VS Code's Chat interface is highly optimized for cloud-based models like GitHub Copilot. While it is incredibly powerful, it doesn't natively allow you to "plug in" a local server running an OpenAI-compatible API (like LM Studio) into the high-level Copilot Chat UI.

Usually, you'd have to use a different extension or a completely different workflow to interact with your local models. I wanted to bridge that gap.

The Solution: LM Studio Copilot Expansion

The LM Studio Copilot Expansion extension allows you to seamlessly integrate your local LM Studio models into the VS Code Copilot Chat model picker.

Once configured, your local models appear right alongside GitHub Copilot models, allowing you to switch between them with a single click.

Key Features

  • Seamless Integration: Your LM Studio models appear in the Copilot Chat model picker.
  • Streaming Support: No waiting for the whole response! Responses stream into the chat window just like GitHub Copilot.
  • Tool Calling: For models that support it, you can leverage the power of tool calling, making your local LLM much more capable within the IDE. How? Read this article
  • Local & Remote: It works whether LM Studio is running on your local machine or a powerful remote server accessible via an IP address.

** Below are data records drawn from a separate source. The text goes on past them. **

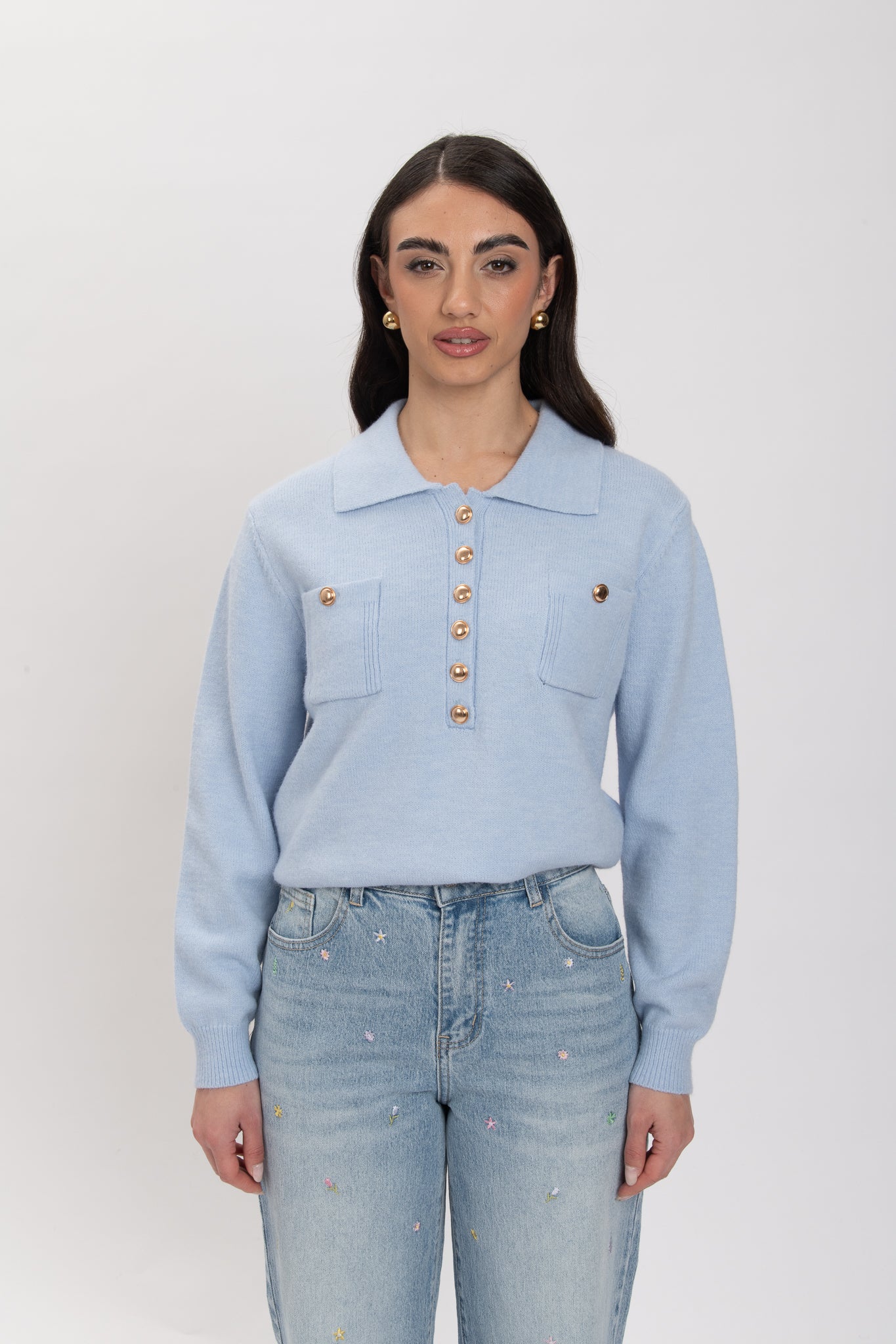 Maglione/Polo ‘BOTTONI ORO’ Azzurro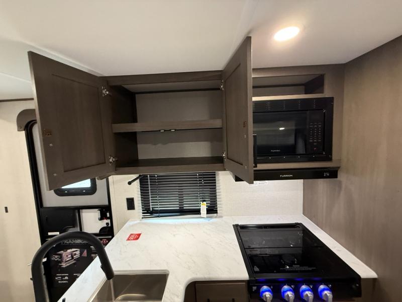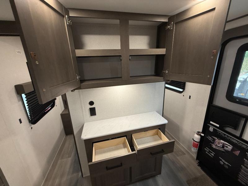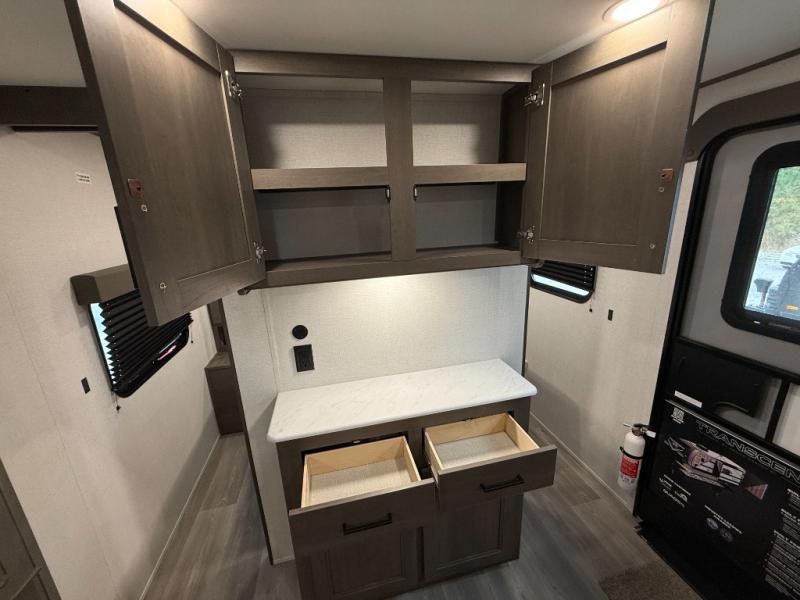 The customer-focused, quality-built Transcend Xplor travel trailers by Grand Design are your ticket to fun and adventure. You will appreciate the power tongue jack when it comes time to set up, as well as the all-in-one utility center and the detachable power cord with an LED light. These models include many outlets throughout, USB ports to charge your gadgets, and a JBL exterior speaker to listen to your favorite tunes. The interior of the Transcend Xplor will have you feeling right at home with upgraded residential furniture, residential countertops, residential cabinet doors, and the list goes on!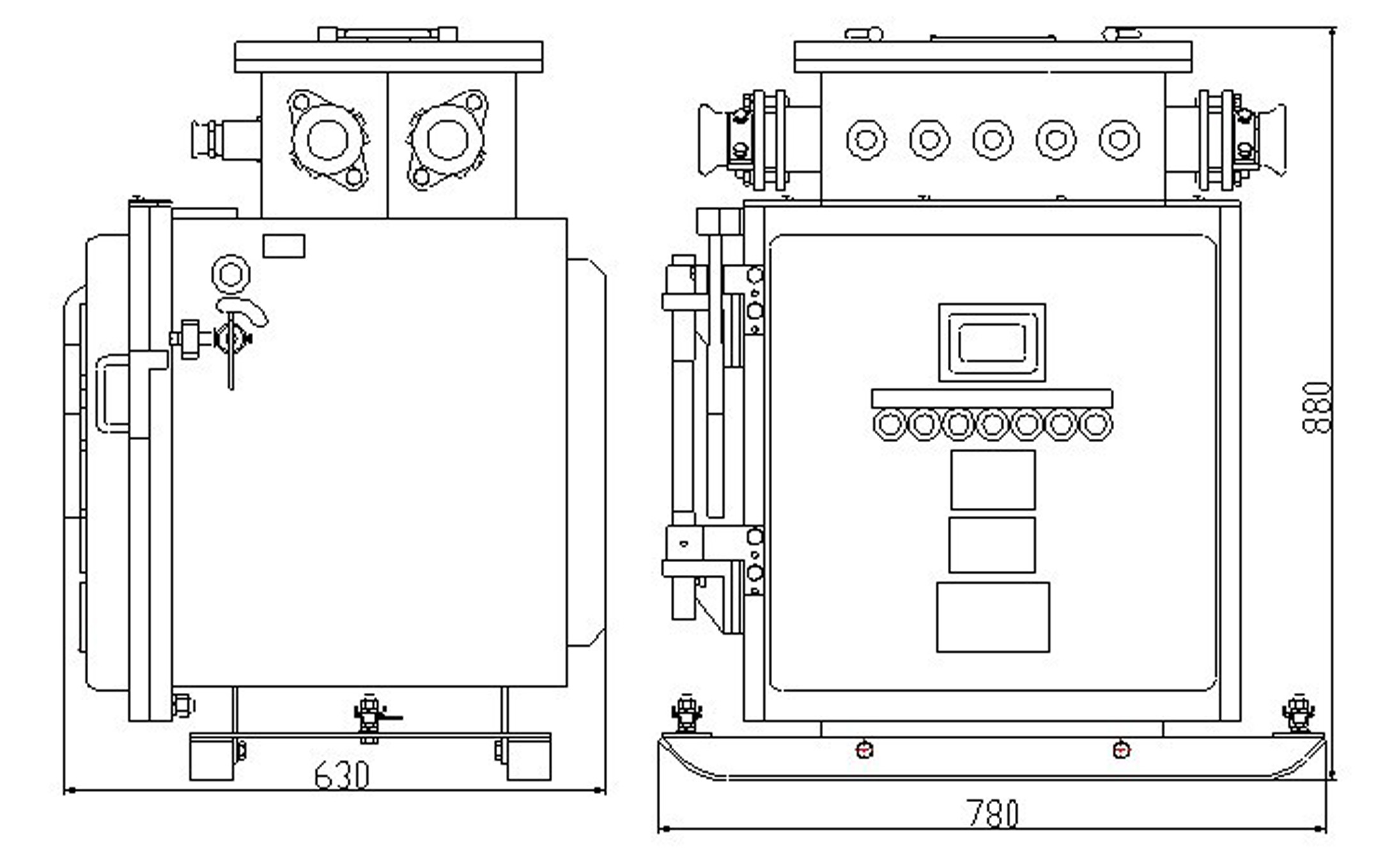 綜合裝置由隔爆外殼、主變壓器和控制部分等組成。隔爆外殼為方形,殼蓋與殼身采用滑動止口結(jié)構(gòu),開啟方便。外殼上部的接線箱作為引進和引出電纜用,外殼右側(cè)裝有操作組合開關(guān)的手柄,并有可靠的機械聯(lián)鎖裝置,門蓋上裝有控制按鈕和試驗按鈕,門蓋上有一觀察窗,可以從外面觀察到裝置里面液晶漢顯顯示屏的指示狀態(tài)。殼體內(nèi)的控制部分由控制器件板和真空交流接觸器板組成。在控制器件板上裝有微電腦控制器、液晶顯示屏、電流取樣板、電流傳感器、濾波器、電源控制變壓器、試驗電阻、保險等器件。真空交流接觸器板上裝有真空交流接觸器、管式熔斷器,電流互感器,三相電抗器等器件?刂破骷迮c真空交流接觸器板通過一組航空插件及連線構(gòu)成聯(lián)系。防爆外殼箱體內(nèi)裝有主變壓器。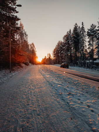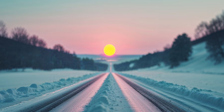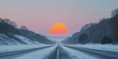 AI Generated. A snowy road with a bright orange sun in the sky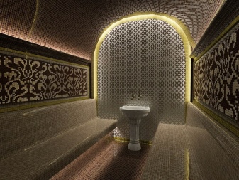It is worth paying attention to the fact that the design of the oriental steam room is based on symmetry. It can be seen not only in the patterns of ornaments, but also in the panels made of mosaics.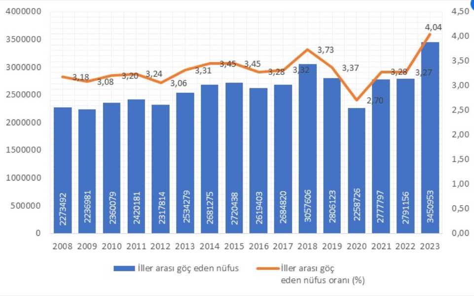 Bu oran, iller arası göçü yıllık olarak takip edebildiğimiz 2007 yılından beri görülen en yüksek oran.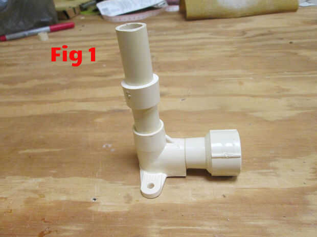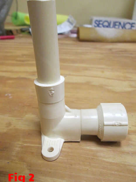 Del hoyo un poco pegamento para PVC el tubo debajo del acoplamiento mitad y deslice el acoplamiento mitad hasta topar con el codo con alas. (Fig 2)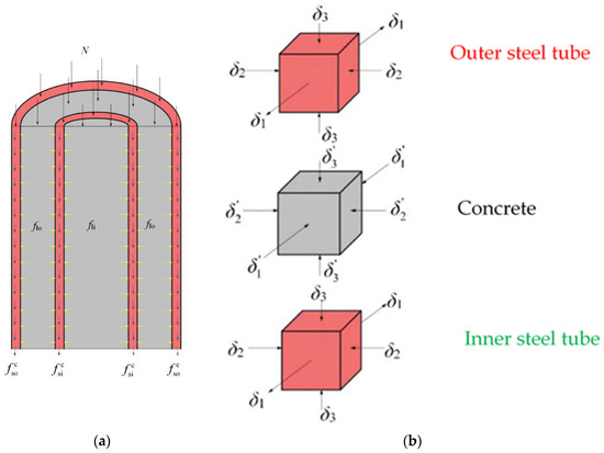 The Poisson’s ratios of the steel tubes and concrete will continuously change during the loading process. Initially, < , so is greater than , and it is impossible for the steel tubes to provide a constraint effect for the concrete. When the longitudinal compression stress of the steel tubes reaches its proportional limit (i.e., ≈ ), approximately equals , so approximately equals . When N gradually increases, > , that is, is smaller than . The lateral expansion of the concrete is constrained by the steel tubes, and it means that the constraint effects are functioned. The stress distribution of the symmetrical CFDST stub columns is shown in Figure 15a, where and are the radial pressures provided by the core and sandwich concrete, respectively. Both and are the circumferential forces provided by the inner and outer steel tubes, as shown in Equation (6). Both steel tubes and concrete are under the state of tri-axial compression stress. The longitudinal, radial, and circumferential stresses (, , , , , and ) of the inner and outer steel tubes and concrete are presented in Figure 15b as the following: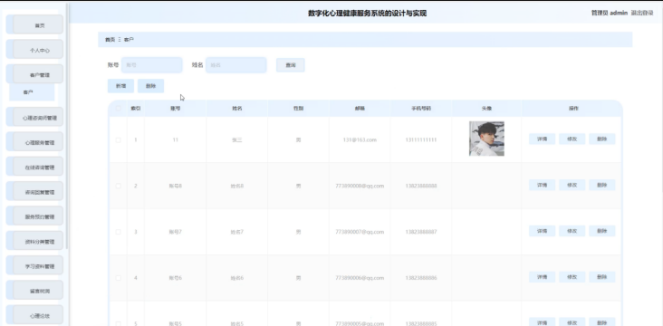 管理员点击客户管理。在用户页面输入账号和姓名进行查询、新增或删除用户列表,并根据需要对用户详情信息进行详情、修改或删除操作;如图5-8所示: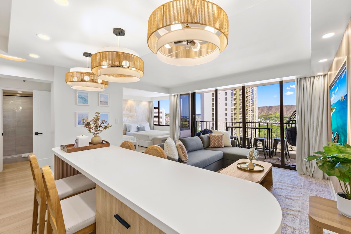 Aloha and welcome to one of the most amazing complete remodels you will find in Waikiki - completed end of 2022. This one-of-a-kind 1 bedroom with free 1 parking stall, pool and gym boasts spectacular ocean & Diamond Head views and is only 0.2 miles (5 min walk) from Waikiki Beach and closer to endless restaurants, shopping & so much more. We would love to have you stay with us and create memories in this truly magical place that is centrally-located, well appointed, and with fabulous views!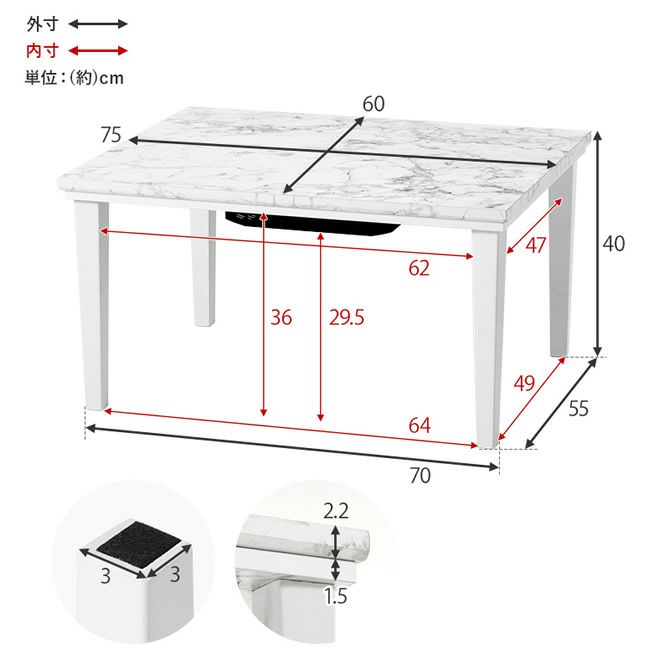 【サイズ】 こたつ:(約)幅75×奥行60×高さ40cm
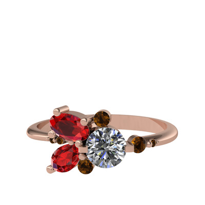 Pırlanta, garnet ve dumanlı kuvars 18 ayar rose altın yüzük (0.5 karat)

How It Works (The Architecture)

To make this work seamlessly without bloating the VS Code extension itself, I implemented a hybrid architecture:

  1. The VS Code Extension (TypeScript): This is the "face" of the project. It handles the VS Code API interactions, manages the model list, and integrates with the Chat UI.
  2. The Backend Process (.NET 8): Because some of the complex logic (like handling the heavy lifting of the API communication and certain protocol details) is more efficiently managed in a managed runtime, I use a bundled .NET 8 backend process. This backend communicates with the VS Code extension and the LM Studio API.

By using a separate backend process, I ensure the extension remains responsive and can handle the intricacies of the communication protocols required to "trick" the VS Code chat UI into using a local model.

Getting Started

Getting up and running is incredibly simple:

  1. Install the extension from the VS Code Marketplace.
  2. Start LM Studio and load the model you want to use.
  3. Ensure the API Server is running in LM Studio (usually at http://localhost:1234).
  4. Open Copilot Chat in VS Code, select your LM Studio model from the picker, and start chatting!

Conclusion

The LM Studio Copilot Expansion is a testament to the power of the open AI ecosystem. By bridging the gap between local, private models and industry-standard IDE interfaces, I'm giving developers more choice, more privacy, and more flexibility in how they use AI to write code.

Happy coding (with your local models)!